1. ## Non-Archimedian calculus

When doing calculus with respect to a non-Archimedian metric (such as the p-adic metric), is it true that differentiability does NOT imply continuity (example: the p-adic norm seems to be differentiable but not continuous)?

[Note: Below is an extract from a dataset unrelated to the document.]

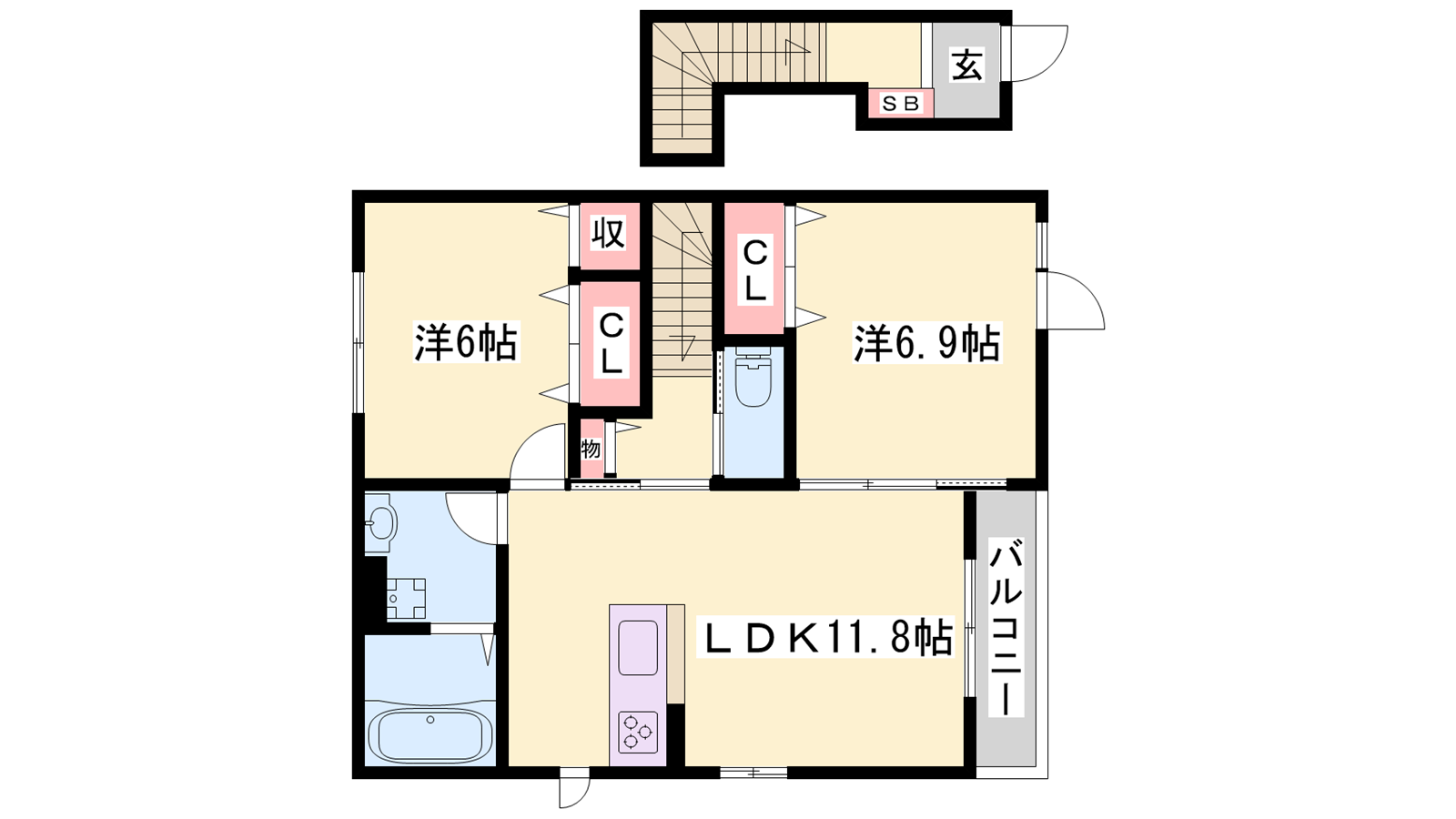 - LDK11.8帖、洋室6.9帖、洋室6帖

2. ## Re: Non-Archimedian calculus

Originally Posted by SlipEternal
When doing calculus with respect to a non-Archimedian metric (such as the p-adic metric), is it true that differentiability does NOT imply continuity (example: the p-adic norm seems to be differentiable but not continuous)?
Are you thinking in these terms ?.

3. ## Re: Non-Archimedian calculus

Yes, the p-adic metric is an example of an ultrametric.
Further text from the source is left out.